Content starts
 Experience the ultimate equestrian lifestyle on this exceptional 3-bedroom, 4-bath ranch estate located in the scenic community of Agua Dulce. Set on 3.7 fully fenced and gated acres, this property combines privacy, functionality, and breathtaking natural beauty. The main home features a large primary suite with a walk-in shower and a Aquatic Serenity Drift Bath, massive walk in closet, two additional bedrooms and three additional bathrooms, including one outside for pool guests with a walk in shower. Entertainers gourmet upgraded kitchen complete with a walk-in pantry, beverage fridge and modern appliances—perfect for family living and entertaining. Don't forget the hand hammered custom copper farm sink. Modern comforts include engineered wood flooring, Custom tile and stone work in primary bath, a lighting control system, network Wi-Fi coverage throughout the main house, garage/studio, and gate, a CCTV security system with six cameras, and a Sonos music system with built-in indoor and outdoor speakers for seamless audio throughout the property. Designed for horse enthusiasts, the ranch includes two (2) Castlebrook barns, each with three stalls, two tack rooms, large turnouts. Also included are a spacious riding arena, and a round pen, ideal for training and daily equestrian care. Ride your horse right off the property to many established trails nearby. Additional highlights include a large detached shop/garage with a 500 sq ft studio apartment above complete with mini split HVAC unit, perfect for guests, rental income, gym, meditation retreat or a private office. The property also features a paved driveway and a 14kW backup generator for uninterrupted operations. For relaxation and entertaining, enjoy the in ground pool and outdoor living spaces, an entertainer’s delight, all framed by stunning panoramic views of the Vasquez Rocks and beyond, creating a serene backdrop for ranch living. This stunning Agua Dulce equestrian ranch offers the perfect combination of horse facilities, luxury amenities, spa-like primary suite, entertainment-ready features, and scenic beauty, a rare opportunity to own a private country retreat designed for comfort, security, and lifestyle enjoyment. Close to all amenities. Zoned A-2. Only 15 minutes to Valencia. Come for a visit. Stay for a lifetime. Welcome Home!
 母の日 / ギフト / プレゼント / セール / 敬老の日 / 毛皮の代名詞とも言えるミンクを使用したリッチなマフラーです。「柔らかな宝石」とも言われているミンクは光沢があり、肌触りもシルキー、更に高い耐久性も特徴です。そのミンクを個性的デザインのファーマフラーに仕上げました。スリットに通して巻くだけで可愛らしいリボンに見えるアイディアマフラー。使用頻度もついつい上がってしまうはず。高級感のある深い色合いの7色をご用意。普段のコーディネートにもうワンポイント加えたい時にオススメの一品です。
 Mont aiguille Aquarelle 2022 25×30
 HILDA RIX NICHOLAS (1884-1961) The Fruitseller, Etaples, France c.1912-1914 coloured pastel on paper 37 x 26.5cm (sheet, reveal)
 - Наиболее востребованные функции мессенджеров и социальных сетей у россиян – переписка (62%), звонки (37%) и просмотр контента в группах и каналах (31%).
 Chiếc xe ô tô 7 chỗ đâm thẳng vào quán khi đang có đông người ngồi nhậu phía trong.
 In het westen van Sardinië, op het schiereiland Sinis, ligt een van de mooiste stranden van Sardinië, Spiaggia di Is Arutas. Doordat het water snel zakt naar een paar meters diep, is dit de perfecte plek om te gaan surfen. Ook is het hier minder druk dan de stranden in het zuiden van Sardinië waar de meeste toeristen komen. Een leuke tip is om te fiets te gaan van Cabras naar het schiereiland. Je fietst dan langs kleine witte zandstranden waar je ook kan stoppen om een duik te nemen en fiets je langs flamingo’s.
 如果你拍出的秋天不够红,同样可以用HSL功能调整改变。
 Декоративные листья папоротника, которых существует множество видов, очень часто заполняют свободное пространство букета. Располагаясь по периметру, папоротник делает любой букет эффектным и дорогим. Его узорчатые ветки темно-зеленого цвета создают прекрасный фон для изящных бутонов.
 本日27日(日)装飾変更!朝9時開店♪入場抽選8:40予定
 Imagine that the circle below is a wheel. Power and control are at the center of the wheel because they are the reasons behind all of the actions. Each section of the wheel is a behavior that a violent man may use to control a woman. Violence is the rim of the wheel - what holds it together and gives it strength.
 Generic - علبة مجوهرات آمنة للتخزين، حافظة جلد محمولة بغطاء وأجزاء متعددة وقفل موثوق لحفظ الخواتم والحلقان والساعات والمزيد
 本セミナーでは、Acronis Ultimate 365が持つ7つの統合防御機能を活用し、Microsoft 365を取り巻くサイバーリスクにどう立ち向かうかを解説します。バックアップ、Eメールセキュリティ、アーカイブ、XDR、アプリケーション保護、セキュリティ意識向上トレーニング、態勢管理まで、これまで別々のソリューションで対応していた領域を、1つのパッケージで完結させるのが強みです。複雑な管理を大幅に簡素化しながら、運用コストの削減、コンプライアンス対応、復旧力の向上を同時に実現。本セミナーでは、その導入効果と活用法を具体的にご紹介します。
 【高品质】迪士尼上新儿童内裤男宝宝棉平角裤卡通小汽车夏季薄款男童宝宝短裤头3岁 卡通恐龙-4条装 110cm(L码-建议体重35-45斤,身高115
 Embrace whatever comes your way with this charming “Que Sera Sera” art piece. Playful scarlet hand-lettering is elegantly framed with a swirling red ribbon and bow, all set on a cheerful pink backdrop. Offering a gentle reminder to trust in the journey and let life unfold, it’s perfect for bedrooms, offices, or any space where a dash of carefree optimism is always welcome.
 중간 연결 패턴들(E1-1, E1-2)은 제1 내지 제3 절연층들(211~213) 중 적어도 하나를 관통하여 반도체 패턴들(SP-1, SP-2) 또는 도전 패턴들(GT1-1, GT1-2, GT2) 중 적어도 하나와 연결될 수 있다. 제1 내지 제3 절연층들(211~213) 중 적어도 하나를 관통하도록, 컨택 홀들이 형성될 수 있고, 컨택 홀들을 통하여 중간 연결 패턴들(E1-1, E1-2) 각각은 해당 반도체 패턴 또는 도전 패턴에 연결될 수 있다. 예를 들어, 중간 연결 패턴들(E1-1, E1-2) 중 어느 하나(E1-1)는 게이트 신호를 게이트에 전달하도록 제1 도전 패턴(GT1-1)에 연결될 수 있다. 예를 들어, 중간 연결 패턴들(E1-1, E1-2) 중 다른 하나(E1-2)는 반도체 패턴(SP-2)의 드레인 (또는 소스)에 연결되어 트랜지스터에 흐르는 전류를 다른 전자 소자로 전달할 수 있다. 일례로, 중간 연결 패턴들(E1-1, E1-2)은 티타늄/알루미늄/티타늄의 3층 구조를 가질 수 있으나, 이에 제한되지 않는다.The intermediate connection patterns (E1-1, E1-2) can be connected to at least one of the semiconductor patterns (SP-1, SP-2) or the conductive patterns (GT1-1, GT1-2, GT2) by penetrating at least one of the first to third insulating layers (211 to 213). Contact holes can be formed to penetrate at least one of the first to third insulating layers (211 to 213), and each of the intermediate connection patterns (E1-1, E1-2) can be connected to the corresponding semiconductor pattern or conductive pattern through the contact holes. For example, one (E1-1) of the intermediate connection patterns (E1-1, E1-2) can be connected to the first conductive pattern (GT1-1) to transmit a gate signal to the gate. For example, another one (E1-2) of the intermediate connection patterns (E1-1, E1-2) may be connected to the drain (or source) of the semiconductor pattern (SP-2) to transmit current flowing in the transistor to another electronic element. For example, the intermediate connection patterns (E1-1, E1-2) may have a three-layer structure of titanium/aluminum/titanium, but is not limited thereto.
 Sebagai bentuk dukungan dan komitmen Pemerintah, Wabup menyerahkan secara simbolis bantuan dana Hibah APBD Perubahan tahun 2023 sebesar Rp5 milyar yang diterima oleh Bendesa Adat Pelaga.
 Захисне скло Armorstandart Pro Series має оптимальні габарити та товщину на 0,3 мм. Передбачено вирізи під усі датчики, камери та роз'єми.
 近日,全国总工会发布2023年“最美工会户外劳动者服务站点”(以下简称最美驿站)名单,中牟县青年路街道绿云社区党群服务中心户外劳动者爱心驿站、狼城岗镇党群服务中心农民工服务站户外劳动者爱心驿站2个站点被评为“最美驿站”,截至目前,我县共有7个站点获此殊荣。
Content ends
**Your task**
From the entries above, restate word for word the lines from the line containing "本日27日(日)装飾変更!朝9時開店♪入場抽選8:40予定" to the line containing "Imagine that the", both ends included, and nothing more.

**Solution for this task**
 本日27日(日)装飾変更!朝9時開店♪入場抽選8:40予定
 Imagine that the circle below is a wheel. Power and control are at the center of the wheel because they are the reasons behind all of the actions. Each section of the wheel is a behavior that a violent man may use to control a woman. Violence is the rim of the wheel - what holds it together and gives it strength.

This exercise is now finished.